— THE TASK —
Reproduce word for word every line from the one containing "kapszulában, dísztokban T:AU,AU,UNC" to the final line of the data below; omit the pictures.

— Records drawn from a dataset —
_ _ _ _ _
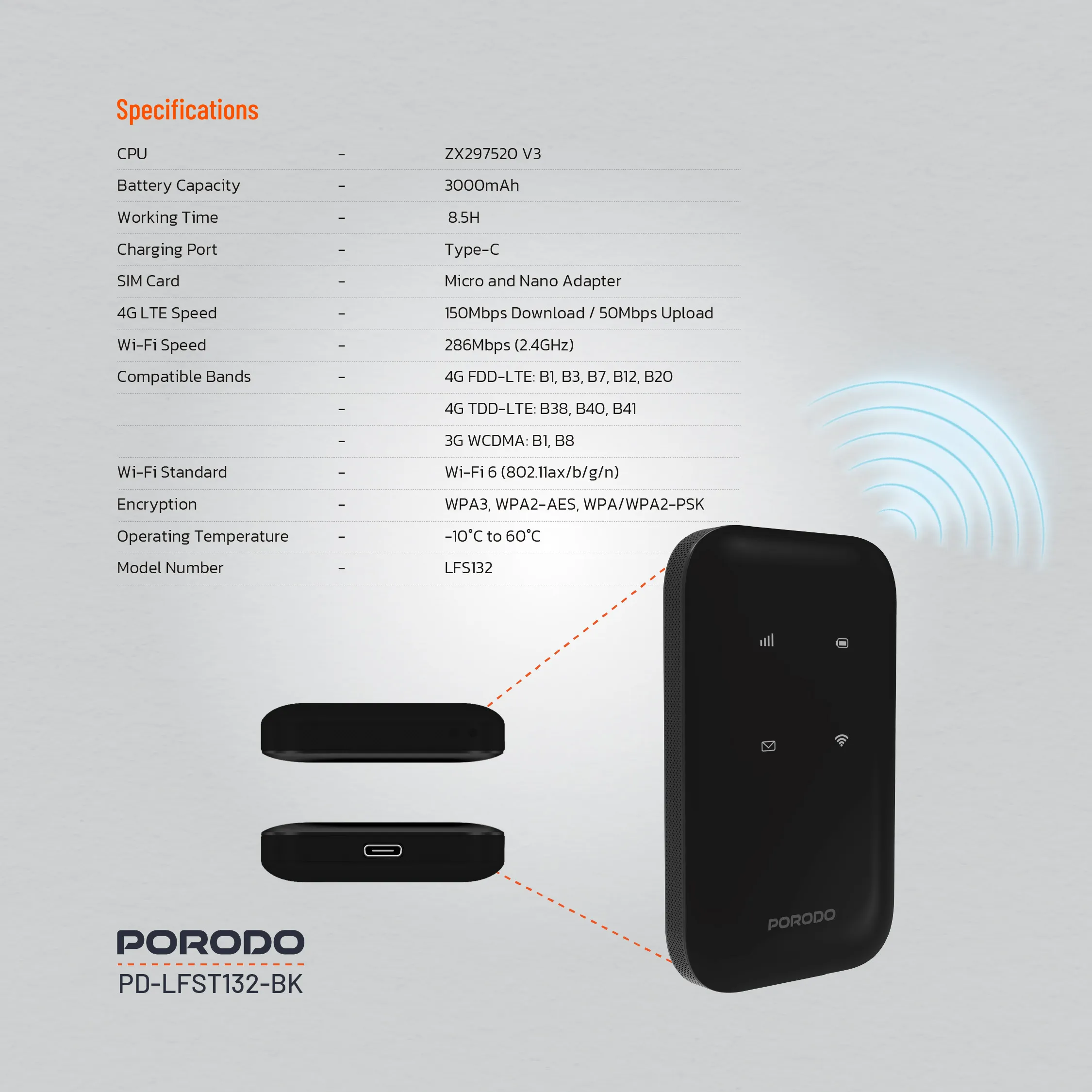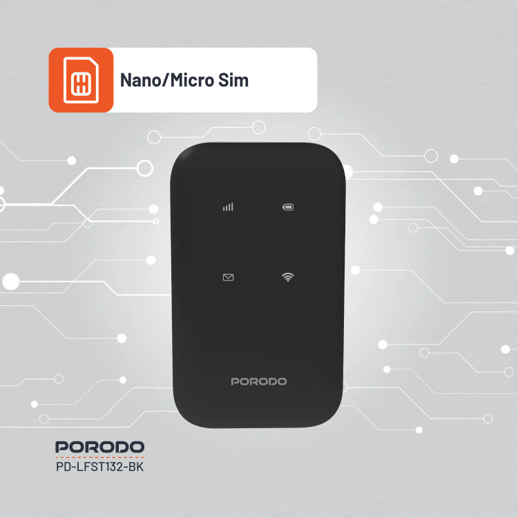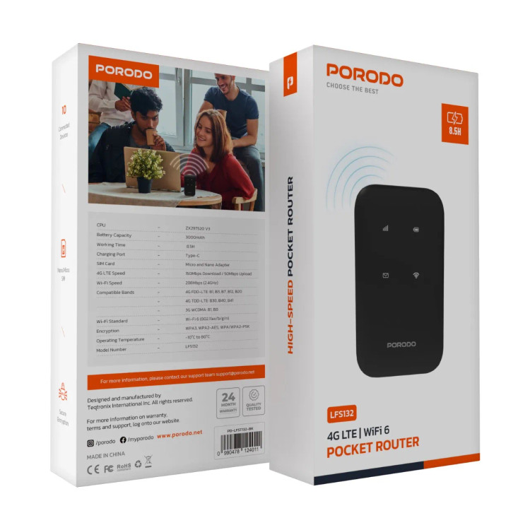 Porodo Pocket Router 4G LTE | WiFi 6 دسترسی ثابت و سریع به اینترنت را در هر مکانی ارائه می دهد. دارای یک CPU ZX297520 V3 برای ارائه عملکرد نرم و ابریشمی برای تمام کارهای مرور و پخش است. این دستگاه دارای ظرفیت باتری 3000 میلی آمپر ساعتی است که می تواند تا 8.5 ساعت استفاده بی وقفه را برای شما فراهم کند و به راحتی از طریق درگاه Type-C شارژ شود. سرعت سوزان 4G LTE با دانلود 150 مگابیت در ثانیه و آپلود 50 مگابیت در ثانیه و سرعت WiFi 286 مگابیت در ثانیه در باند 2.4 گیگاهرتز را تجربه کنید. روتر قادر است بسیاری از باندهای پشتیبانی شده از جمله 4G FDD-LTE، TDD-LTE و 3G WCDMA را مدیریت کند. این روتر همچنین دارای WiFi 6 با قابلیت های اتصال و امنیتی پیشرفته با پشتیبانی از رمزگذاری WPA3 است. روتر جیبی Porodo حداکثر 10 دستگاه را به طور همزمان پشتیبانی می کند که برای استفاده در دفتر یا خانواده ایده آل است. سیمکارت نانو/میکرو قابلحمل و قابل حمل، همچنین برای سفر ایدهآل است.
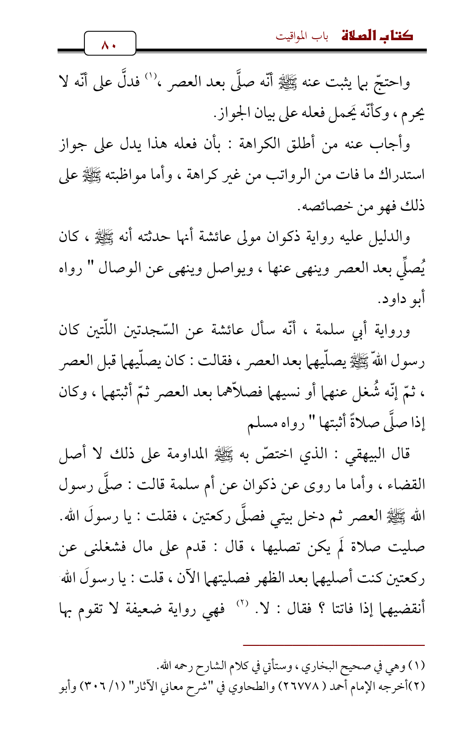 قال البيهقي: الذي اختصّ به - صلى الله عليه وسلم - المداومة على ذلك لا أصل القضاء، وأما ما روى عن ذكوان عن أم سلمة قالت: صلَّى رسول الله - صلى الله عليه وسلم - العصر ثم دخل بيتي فصلَّى ركعتين , فقلت: يا رسولَ الله. صليت صلاة لَم يكن تصليها , قال: قدم على مال فشغلنى عن ركعتين كنت أصليهما بعد الظهر فصليتهما الآن , قلت: يا رسولَ الله. أنقضيهما إذا فاتتا؟ فقال: لا. (¬2) فهي رواية ضعيفة لا تقوم بها
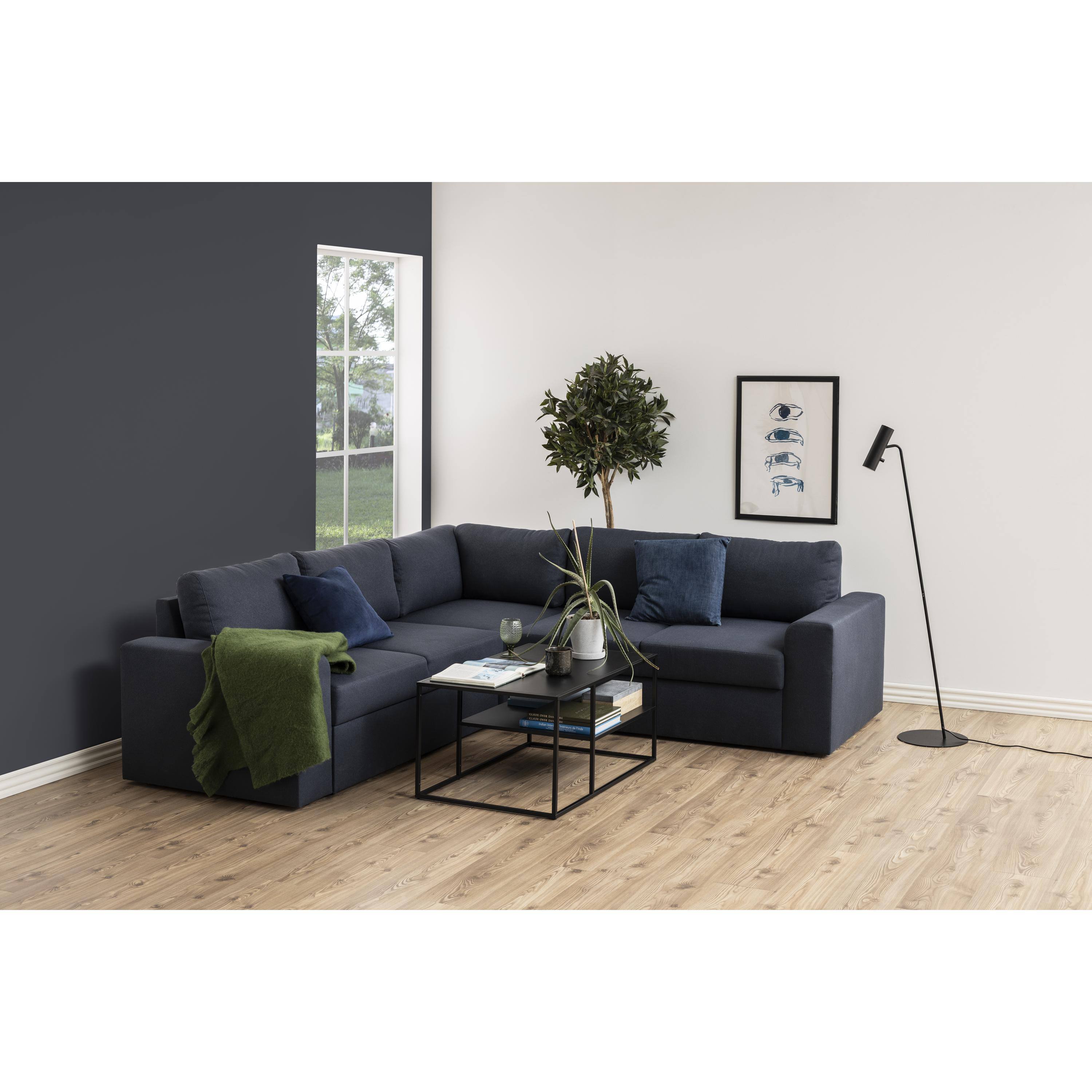 Odkladacia plocha je vyrobená z kovu, ktorý sa vyznačuje jednoduchou údržbou aj dlhou životnosťou. Je ladený do odtieňa matnej čiernej farby, ktorý interiéru dodá nádych luxusu. Stabilitu zabezpečuje kovová podnož v čiernej úprave.
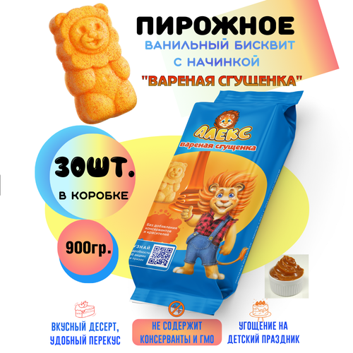 Пирожные бисквитные детские львенок Алекс, ванильный бисквит с начинкой "Вареная сгущенка" , коробка с пирожными 30 шт. по 30 г
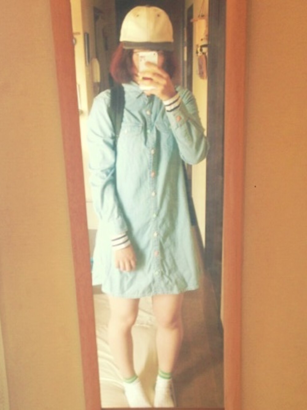 シャツワンピを一枚でシンプルに シャツワンピ…honeys(リメイク) ソックス…tutuanna リュック…bleubleuet
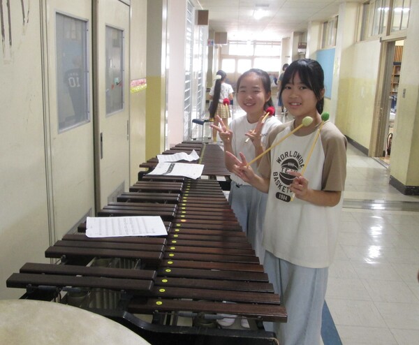 6年生の活動を眺めながら4階まで上がると、音楽の合奏練習をしていました。フレーズを意識して、表現したいこと(ゆったりとか、やさしくとか)をどのように演奏にするか(弱く?つながるように?)を話合いながら練習していました。
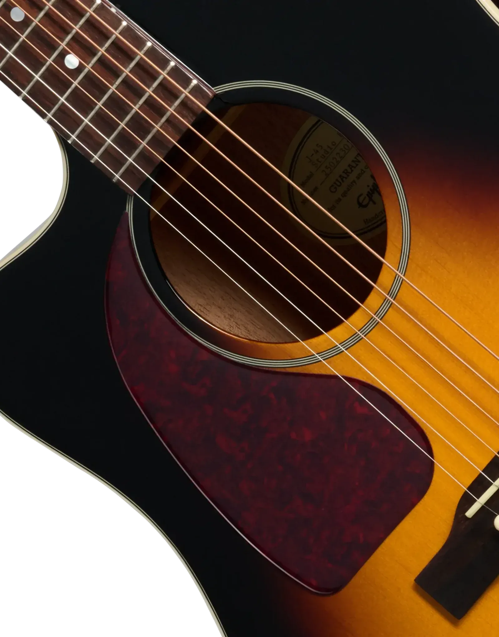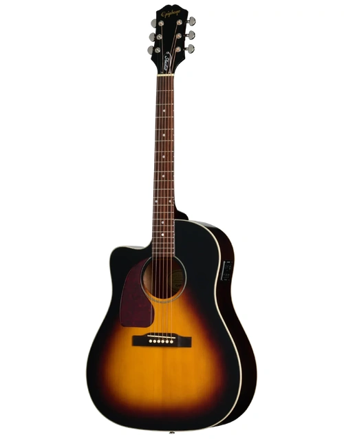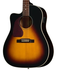 The Epiphone J-45 Studio EC Left-Handed in Vintage Sunburst delivers classic slope-shoulder tone with modern performance features. Its solid spruce top provides clear projection and dynamic response, while the layered mahogany cutaway body adds warmth and balanced low end. The cutaway design allows comfortable access to higher frets, making it equally suited to rhythm work and melodic lead lines.
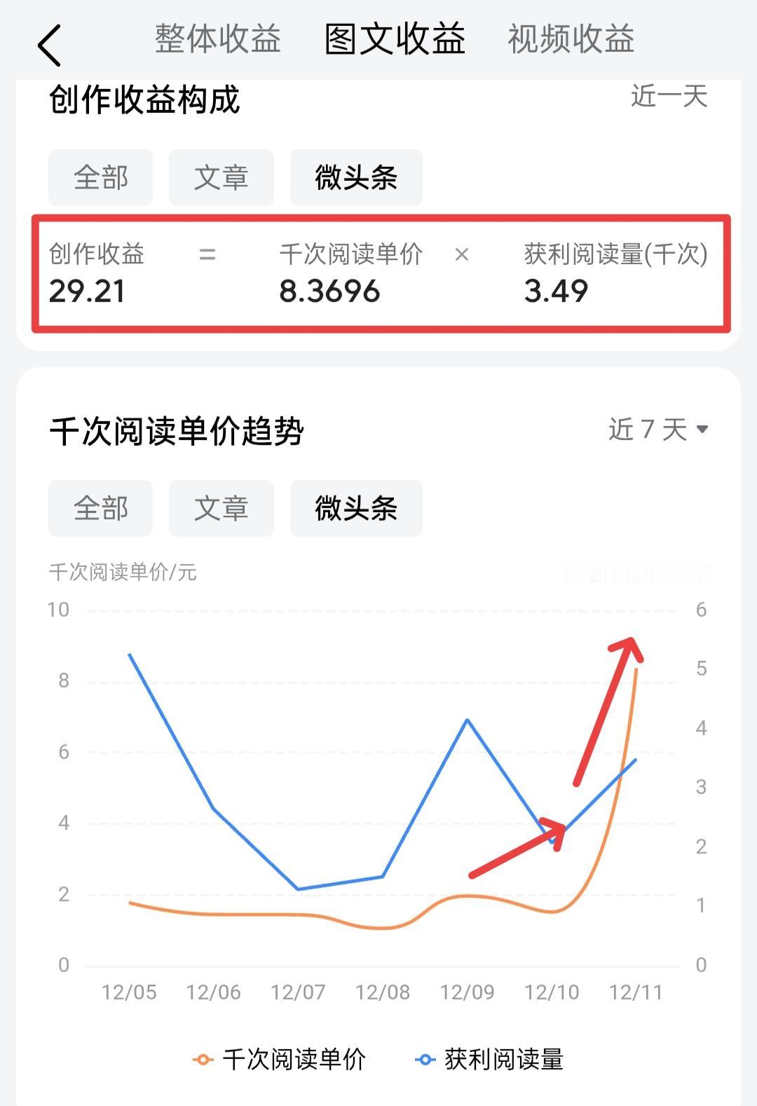太激动了!微头条单价首次突破8.3元/千次,这是几年来最高一次。 不知友友们有没发现2025年,平台对微头条似乎扶持挺高。 很多创作者都果断弃掉了文章,转向了微头条。以往我是绝对不碰微头条,因为单价很低很低,几分,几毛的。 但是经过这一个月来的试水,看来微头条目前确实是有红利,也难怪一些大咖纷纷转向这个领域深耕。 不过,个人总结无论是微头条还是文章,单价浮动都很正常。 并不是说今天有8元千次单价,明天就仍保持这个价格。 除非咱们有持续在同一领域里持续原创深耕的能力,而且每天都要花几个小时甚至更多时间去创作。 否则,单价掉下来浮动很正常。不管怎么样,此次能够获得如此高的单价我还是很激动和欣慰的。 事实证明,只要持续输出,总会有所回报。 不过,小乐的建议,当我们有时间的时候,可以多更新文章。 如果没有时间,那么可以多写几篇微头条。 毕竟,微头条创作简单一些,可以在高铁上,车上,拿着手机书写,不需要为配图而烦恼。 就相当于发个朋友圈,关键万一爆了,还有一笔可观的收入,何乐而不为呢! 不知各位友友们,微头条的单价如何呢?
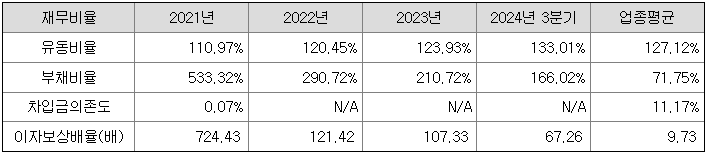 동사의 부채비율은 2021년 533.32%, 2022년 290.72%, 2023년 210.72%, 2024년 3분기 166.02%로 견고한 회사 성장을 통해 2021년 이후 지속적으로 부채비율을 개선하고 있습니다. 동사는 차입금은 해당사항이 없으나 영업활동으로 인한 거래에 따라 고객 예수금을 수취하고 있으며, 동 금액이 부채로 계상됨에 따라 부채비율이 높게 나타나는 경향이 있습니다. 다만, 동사는 2021년 이후 지속적으로 당기순이익을 시현하고 있으며, 자기 자본의 증가로 부채비율은 2021년 533.32%에서 2024년 3분기 166.02%로 감소하였습니다.
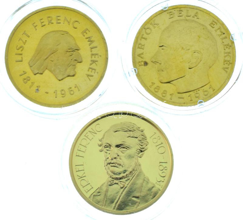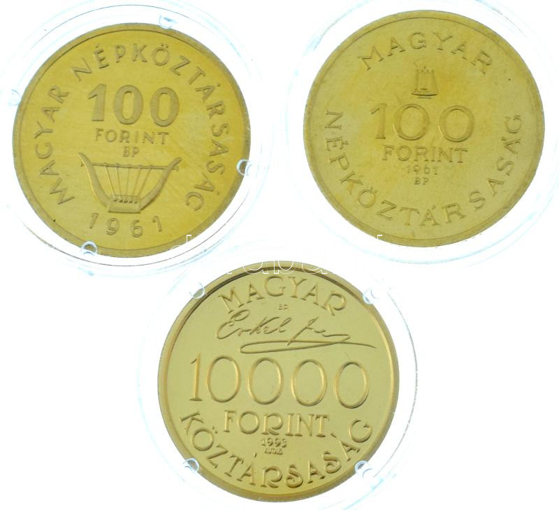 1961. 100Ft Au "Bartók Béla" (7,70g/0.986) + 1961. 100Ft Au "Liszt Ferenc" (7,69g/0.986) + 1993. 10.000Ft Au "Erkel Ferenc" (7,01g/0.986), mindhárom érme kapszulában, dísztokban T:AU,AU,UNC
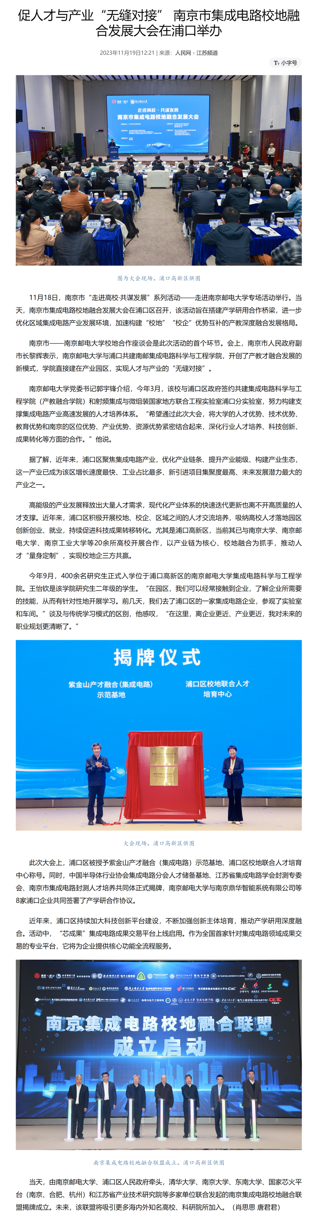 【人民网】促人才与产业“无缝对接” 南京市集成电路校地融合发展大会在浦口举办
_ _ _ _ _
— TASK SOLUTION —
 1961. 100Ft Au "Bartók Béla" (7,70g/0.986) + 1961. 100Ft Au "Liszt Ferenc" (7,69g/0.986) + 1993. 10.000Ft Au "Erkel Ferenc" (7,01g/0.986), mindhárom érme kapszulában, dísztokban T:AU,AU,UNC
 【人民网】促人才与产业“无缝对接” 南京市集成电路校地融合发展大会在浦口举办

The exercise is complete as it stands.